Language-Interfaced Tabular Oversampling via Progressive Imputation and Self-Authentication

Authors: June Yong Yang, Geondo Park, Joowon Kim, Hyeongwon Jang, Eunho Yang

ICLR 2024 | Conference PDF | Archive PDF | Plain Text | LLM Run Details

Reproducibility Variable Result LLM Response
Research Type Experimental Extensive experiments on a variety of datasets and imbalance ratios reveal that the proposed method successfully generates reliable minority samples to boost the performance of machine learning classifiers, even under heavy imbalance ratios.

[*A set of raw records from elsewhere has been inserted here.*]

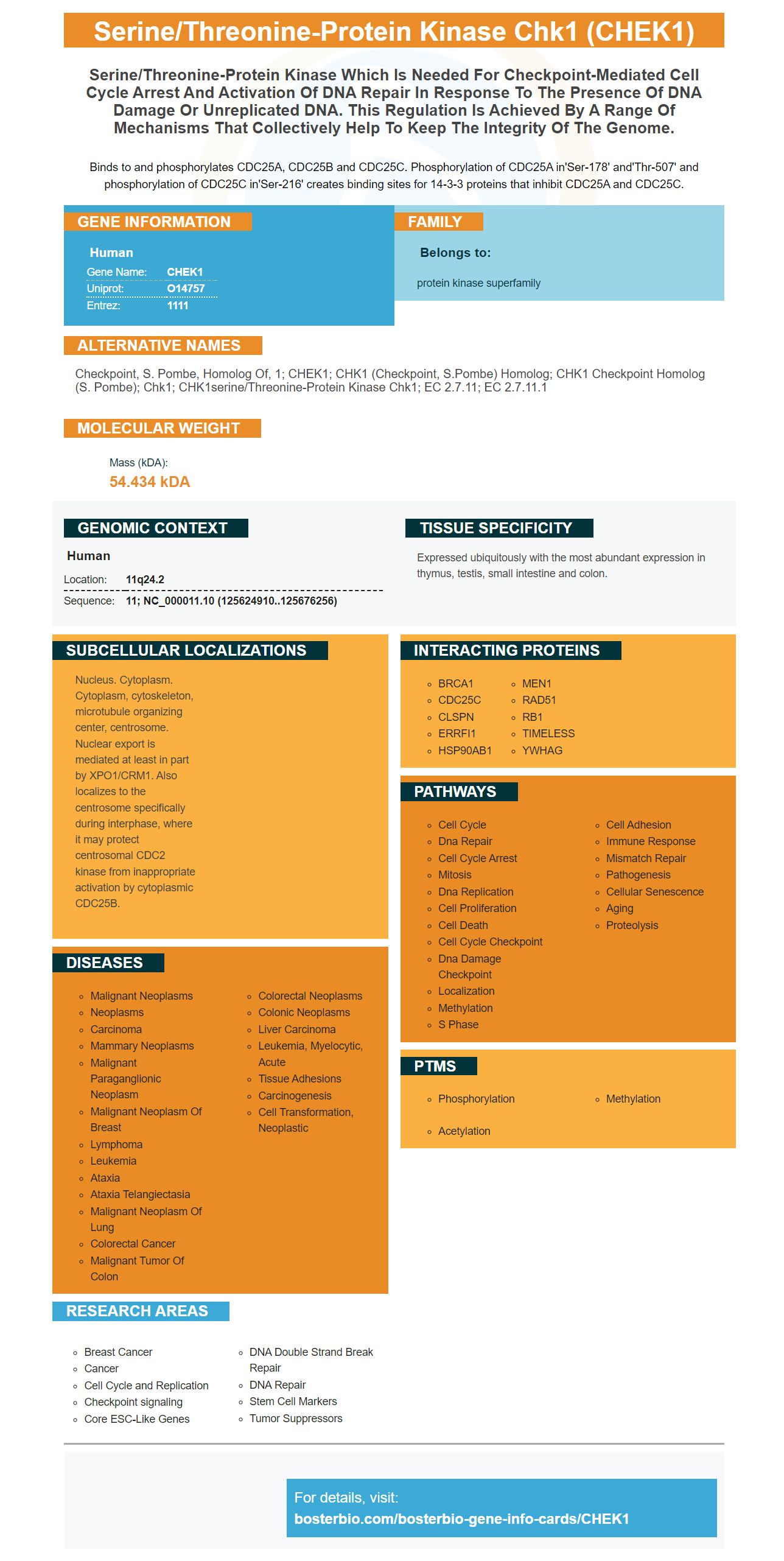Checkpoint, S. pombe, homolog of, 1; CHEK1; CHK1 (checkpoint, S.pombe) homolog; CHK1 checkpoint homolog (S. pombe); Chk1; CHK1serine/threonine-protein kinase Chk1; EC 2.7.11; EC 2.7.11.1
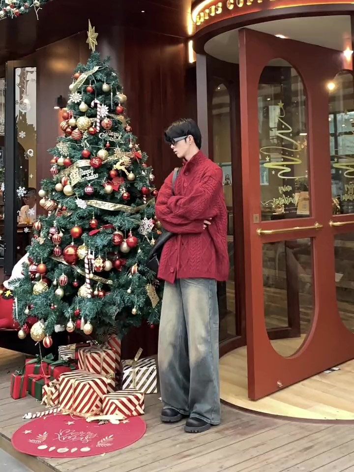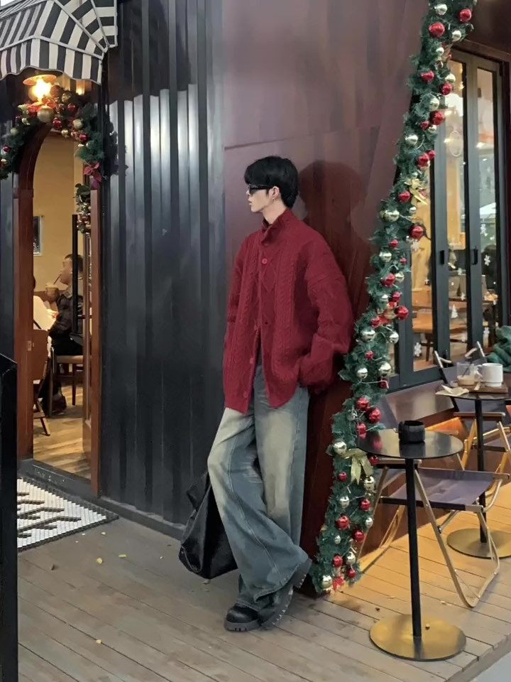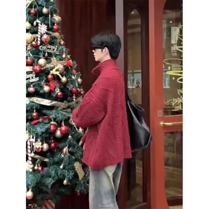 新年紅色毛衣男款新年過年戰袍冬季慵嬾風氛圍感本命年針織衫外套
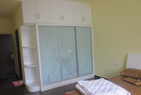 主臥衣柜,最開始是沒打算做衣柜和床的,只準備做基本裝修,通水電和墻漆,但是后來是二叔大老遠從豐都過來給我們監(jiān)工把關,結果沒什么需要他們做的話會不好意思,所以家里所有的木工活全給二叔做了,我不懂好壞,但是我很滿意,因為他真的很用心,家里做了那么多衣柜床什么的,全是他一點一點和我們確認做好的。自己做的,就算樣式差點,但是至少都是實木的,而且耐用。衣柜滑門他說鎮(zhèn)上的不好,也是大老遠
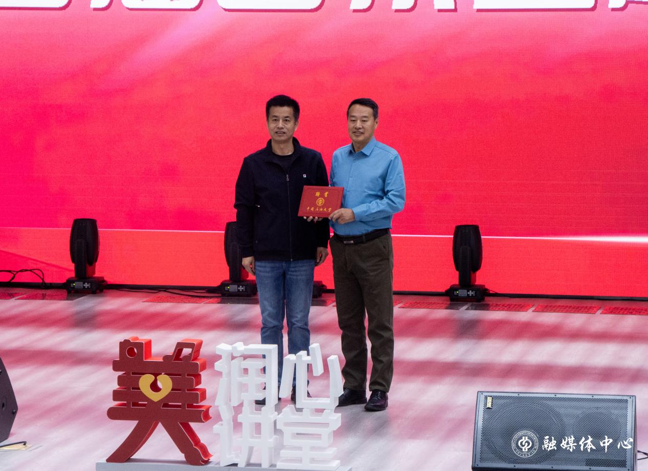 王永桦用专业且富有感染力的嗓音,带领同学们一同高歌。歌声回荡在音乐厅的每一个角落。临近尾声,他深情演唱《你是一面旗》。体育与人文艺术学院院长唐亮为王永桦颁发润心讲堂专家聘书。
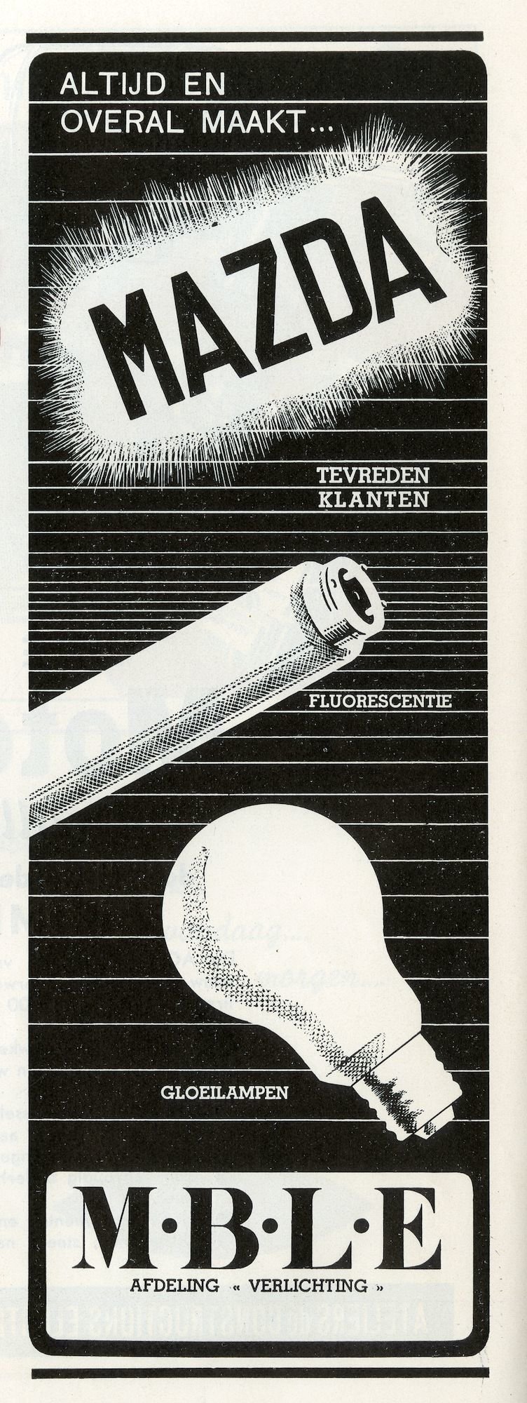 - opschriften: ALTIJD EN / OVERAL MAAKT / MAZDA / MBLE / AFDELING VERLICHTING
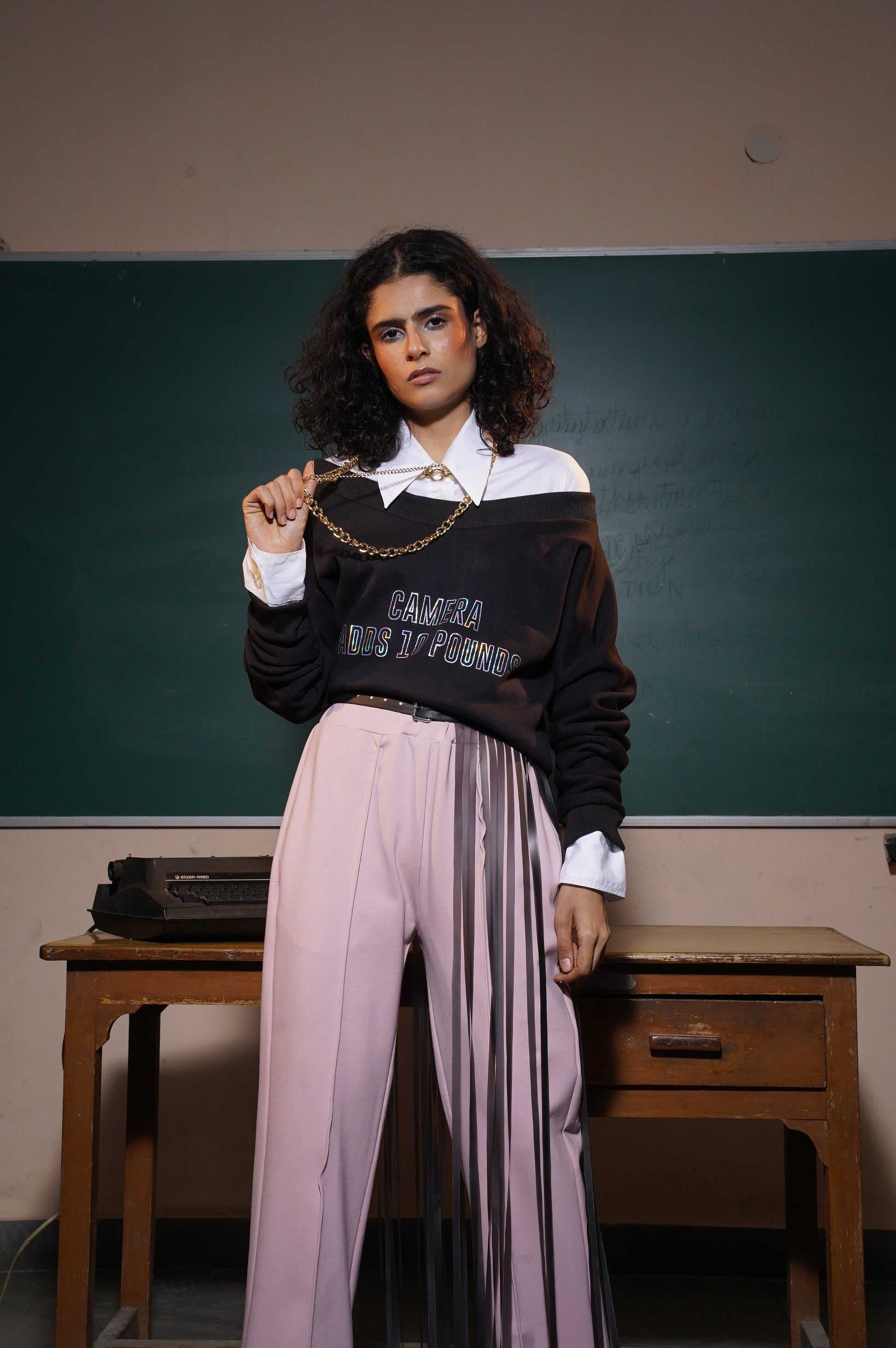 Asymmetric one shoulder sweatshirt featuring holographic print ‘camera adds 10 pounds’ finished with rib trims.

Researcher Affiliation Collaboration June Yong Yang1 , Geondo Park1 , Joowon Kim1, Hyeongwon Jang2, Eunho Yang1,3 KAIST1, Seoul National University2, AITRICS3
Pseudocode Yes Algorithm 1 LITO-B
Open Source Code No The paper states that
Open Datasets Yes Datasets. We validate our method on six tabular benchmark datasets: Default, Shoppers, Sick, and Diabetes for binary classification, Obesity and Satimage for multi-class classification. [...] We partition the datasets into 80% for training and 20% for the test set following the previous works (Kim et al., 2022). For datasets with relatively small sizes (Diabetes, Sick), we split the dataset into 70% training set and 30% test set.

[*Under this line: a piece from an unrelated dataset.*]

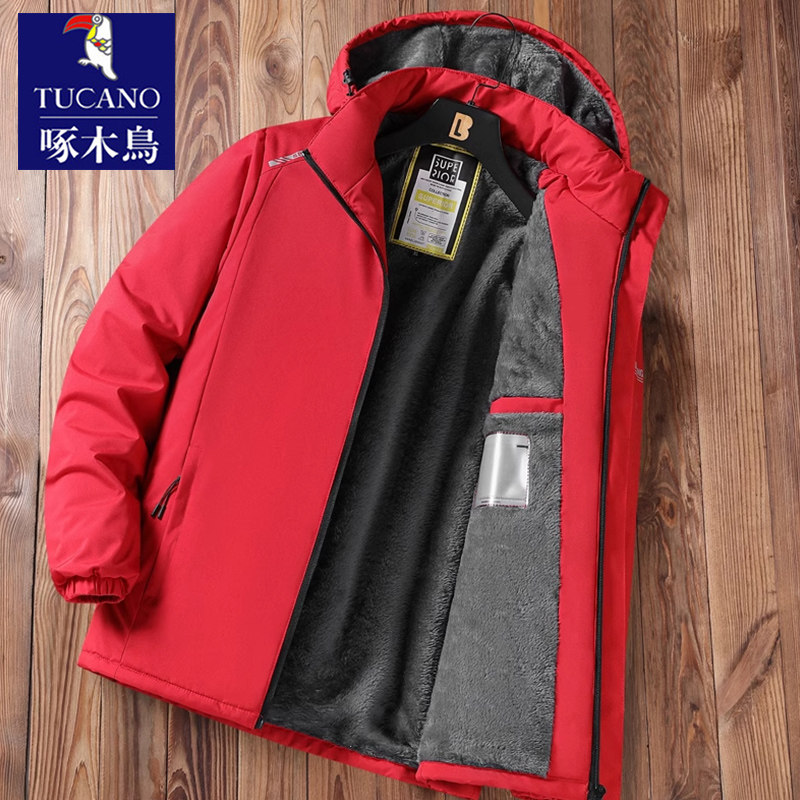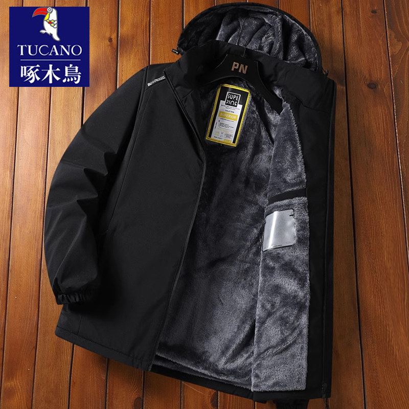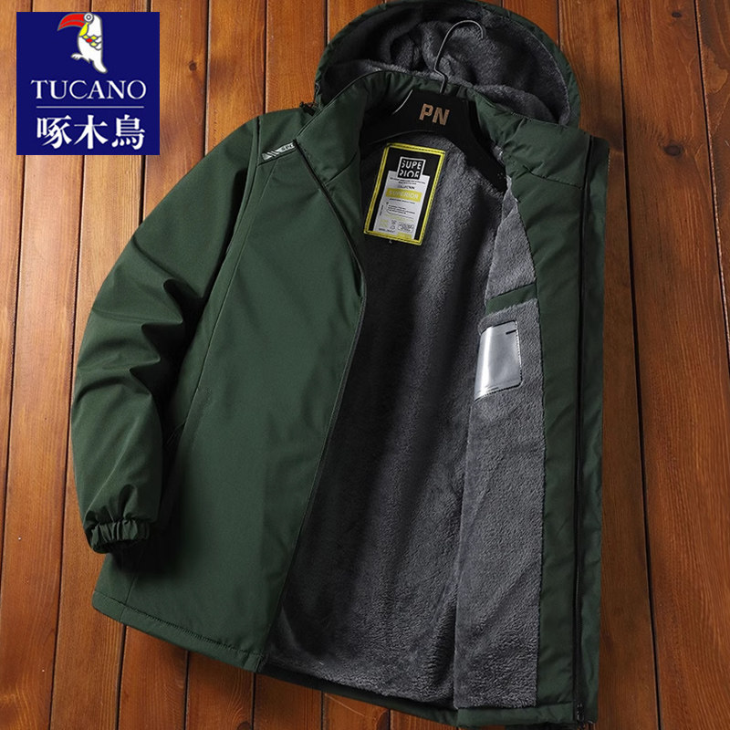 啄木鸟冲锋衣夹克外套男士加绒加厚冬季连帽工装棉服保暖防风棉衣
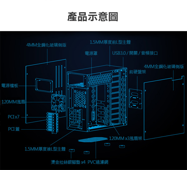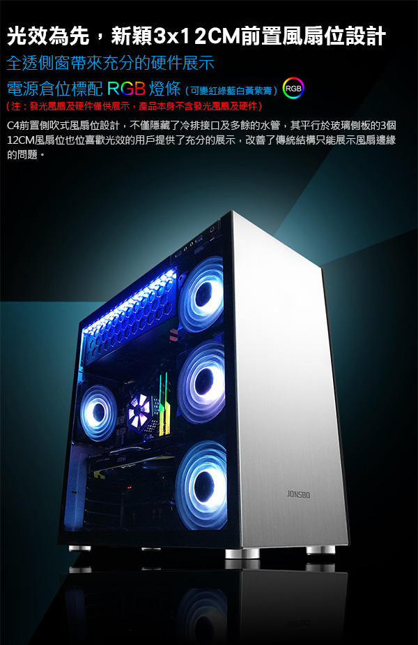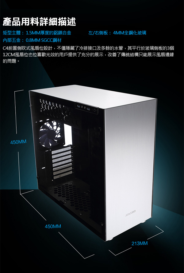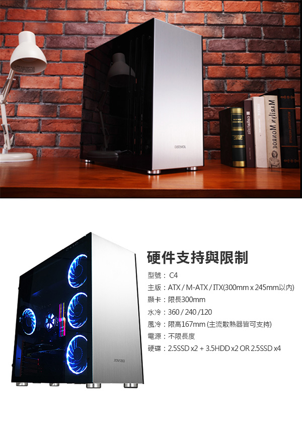 • 喬思伯 C4 銀 顯卡長30/CPU16.7/雙側玻璃/ATX

Dataset Splits No The paper specifies training and test splits (e.g., "80% for training and 20% for the test set") but does not explicitly mention a separate validation set split.

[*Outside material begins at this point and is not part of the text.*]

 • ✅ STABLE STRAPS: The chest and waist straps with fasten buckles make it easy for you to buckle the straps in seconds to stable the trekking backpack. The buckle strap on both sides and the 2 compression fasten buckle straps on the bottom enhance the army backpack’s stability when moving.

Hardware Specification No The paper does not provide specific hardware details (e.g., GPU/CPU models, memory) used for running its experiments. It mentions using the Open AI chatbot API for some experiments, but without hardware specifications.
Software Dependencies Yes We implement our method with the Py Torch deep learning framework and Huggingface Transformers package (Wolf et al., 2019). [...] For in-context learning oversampling experiments, we use the Open AI chatbot API to access GPT-3.5-turbo-0613.
Experiment Setup Yes A.2 HYPERPARAMETERS FOR EVALUATING MACHINE LEARNING EFFICIENCY provides details like "Max depth is 32, criterion is gini" for Decision Tree, "number of ensemble estimators is 100, and the learning rate is 1.0" for Ada Boost. A.3 HYPERPARAMETERS USED FOR FINE-TUNING GENERATIVE LANGUAGE MODELS mentions "fine-tune the Distill-GPT-2 model for each data set for 200 or 300 epochs" and "We use the constant 5e-5 learning rate".